▶ [Exercise objective]
Before writing anything, find the line that contains "根據(jù)何先生所提供的線", then retype the entries below exactly from their first line through that one, without pictures.

▶ [Exercise materials]
======
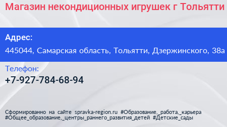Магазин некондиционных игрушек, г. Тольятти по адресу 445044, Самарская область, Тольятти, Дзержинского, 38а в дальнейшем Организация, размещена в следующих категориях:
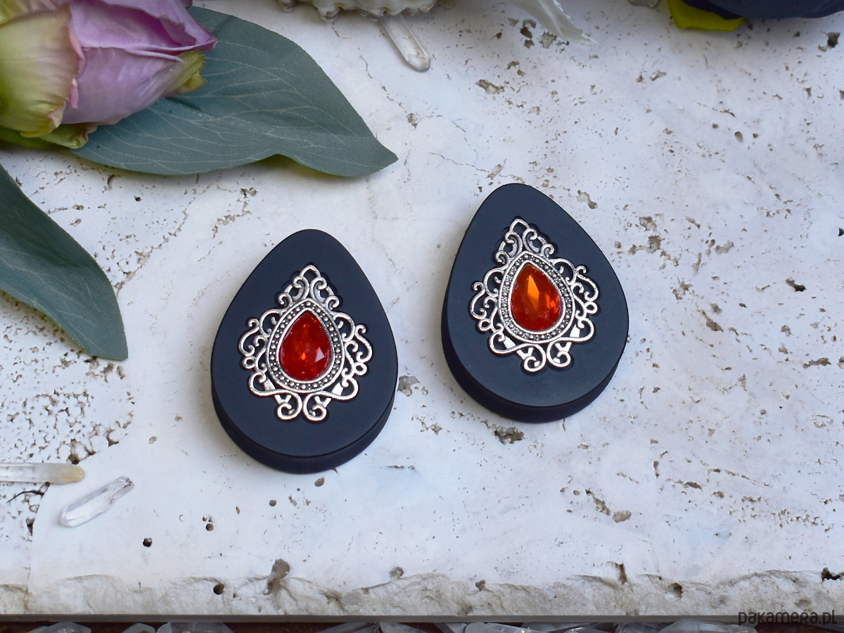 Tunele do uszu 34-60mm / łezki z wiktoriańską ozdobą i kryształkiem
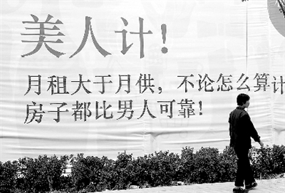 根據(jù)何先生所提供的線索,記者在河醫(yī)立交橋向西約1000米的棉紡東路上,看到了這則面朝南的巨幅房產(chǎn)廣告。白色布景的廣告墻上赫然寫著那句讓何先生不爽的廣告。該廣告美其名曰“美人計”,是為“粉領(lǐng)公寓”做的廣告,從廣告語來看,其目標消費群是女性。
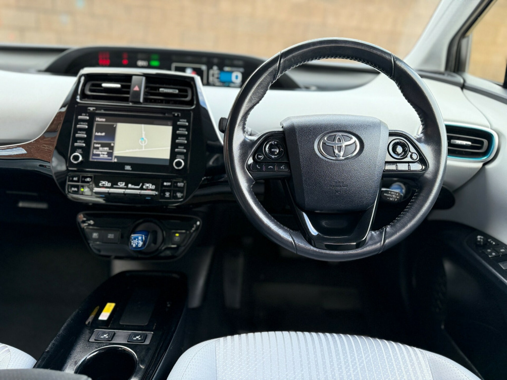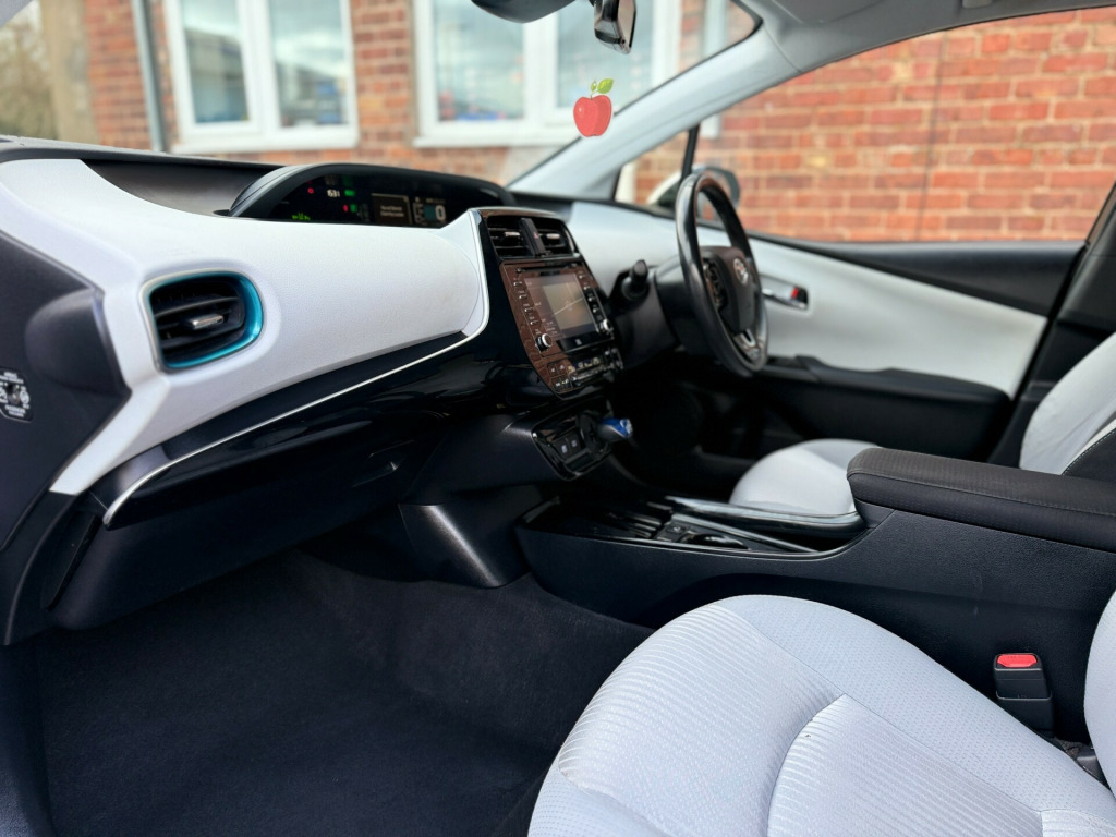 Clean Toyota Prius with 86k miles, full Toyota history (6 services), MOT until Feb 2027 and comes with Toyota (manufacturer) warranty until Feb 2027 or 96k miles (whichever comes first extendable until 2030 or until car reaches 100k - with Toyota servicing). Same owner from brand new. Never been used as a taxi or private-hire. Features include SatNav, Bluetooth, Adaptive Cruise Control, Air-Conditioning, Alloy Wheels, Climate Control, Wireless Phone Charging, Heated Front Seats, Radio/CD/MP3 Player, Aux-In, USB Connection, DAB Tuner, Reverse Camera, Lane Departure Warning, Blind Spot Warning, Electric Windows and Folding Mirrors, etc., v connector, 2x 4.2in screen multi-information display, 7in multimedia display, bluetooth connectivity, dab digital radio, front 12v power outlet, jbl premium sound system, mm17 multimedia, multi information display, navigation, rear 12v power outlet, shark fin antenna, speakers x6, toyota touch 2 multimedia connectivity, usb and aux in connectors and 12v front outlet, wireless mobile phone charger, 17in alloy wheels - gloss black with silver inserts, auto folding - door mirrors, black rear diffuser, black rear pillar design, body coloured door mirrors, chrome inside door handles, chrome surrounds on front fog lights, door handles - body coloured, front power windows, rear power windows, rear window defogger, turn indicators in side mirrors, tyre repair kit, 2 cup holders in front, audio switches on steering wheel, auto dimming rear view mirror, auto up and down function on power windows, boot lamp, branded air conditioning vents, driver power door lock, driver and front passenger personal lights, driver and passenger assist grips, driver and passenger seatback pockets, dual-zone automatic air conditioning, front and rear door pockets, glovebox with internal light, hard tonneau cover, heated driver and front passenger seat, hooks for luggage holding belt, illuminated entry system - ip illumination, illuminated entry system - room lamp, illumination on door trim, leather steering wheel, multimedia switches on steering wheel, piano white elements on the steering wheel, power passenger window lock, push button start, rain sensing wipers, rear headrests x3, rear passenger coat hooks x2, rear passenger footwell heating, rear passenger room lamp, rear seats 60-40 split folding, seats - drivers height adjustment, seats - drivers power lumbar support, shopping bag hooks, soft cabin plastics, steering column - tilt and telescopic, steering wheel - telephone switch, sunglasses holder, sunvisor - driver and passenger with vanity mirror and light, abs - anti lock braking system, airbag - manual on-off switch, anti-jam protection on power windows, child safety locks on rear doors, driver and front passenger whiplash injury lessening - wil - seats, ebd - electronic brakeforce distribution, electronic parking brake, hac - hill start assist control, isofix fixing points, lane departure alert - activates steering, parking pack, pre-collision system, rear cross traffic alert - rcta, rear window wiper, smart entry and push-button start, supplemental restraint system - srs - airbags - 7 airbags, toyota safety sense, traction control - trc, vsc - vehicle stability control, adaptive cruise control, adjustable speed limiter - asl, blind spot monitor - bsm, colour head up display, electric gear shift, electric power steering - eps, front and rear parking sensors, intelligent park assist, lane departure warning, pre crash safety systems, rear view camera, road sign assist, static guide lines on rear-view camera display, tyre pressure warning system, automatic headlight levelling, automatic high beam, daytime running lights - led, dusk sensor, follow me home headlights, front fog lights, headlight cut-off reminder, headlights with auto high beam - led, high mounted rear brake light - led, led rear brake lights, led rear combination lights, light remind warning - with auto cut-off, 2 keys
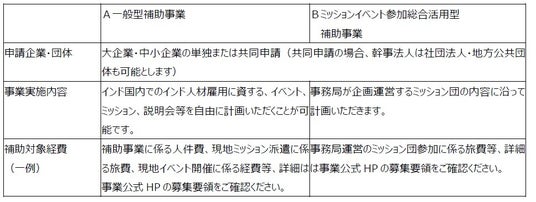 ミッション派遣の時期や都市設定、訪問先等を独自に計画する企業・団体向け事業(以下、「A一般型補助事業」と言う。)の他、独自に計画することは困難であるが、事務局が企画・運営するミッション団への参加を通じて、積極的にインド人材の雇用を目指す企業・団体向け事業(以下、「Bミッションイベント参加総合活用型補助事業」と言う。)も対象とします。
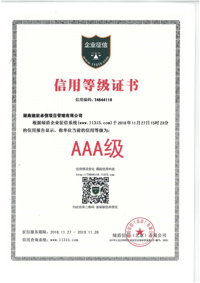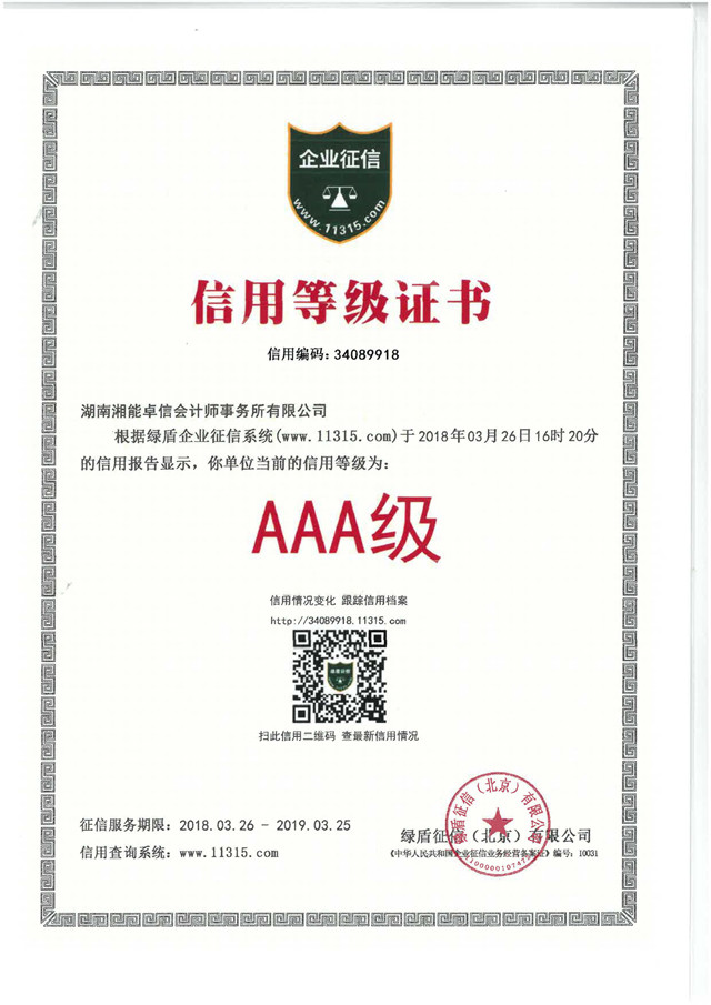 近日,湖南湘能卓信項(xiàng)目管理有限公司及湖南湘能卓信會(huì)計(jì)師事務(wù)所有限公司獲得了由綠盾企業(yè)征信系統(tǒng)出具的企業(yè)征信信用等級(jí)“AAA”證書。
======
▶ [Exercise response]
Магазин некондиционных игрушек, г. Тольятти по адресу 445044, Самарская область, Тольятти, Дзержинского, 38а в дальнейшем Организация, размещена в следующих категориях:
 Tunele do uszu 34-60mm / łezki z wiktoriańską ozdobą i kryształkiem
 根據(jù)何先生所提供的線索,記者在河醫(yī)立交橋向西約1000米的棉紡東路上,看到了這則面朝南的巨幅房產(chǎn)廣告。白色布景的廣告墻上赫然寫著那句讓何先生不爽的廣告。該廣告美其名曰“美人計”,是為“粉領(lǐng)公寓”做的廣告,從廣告語來看,其目標消費群是女性。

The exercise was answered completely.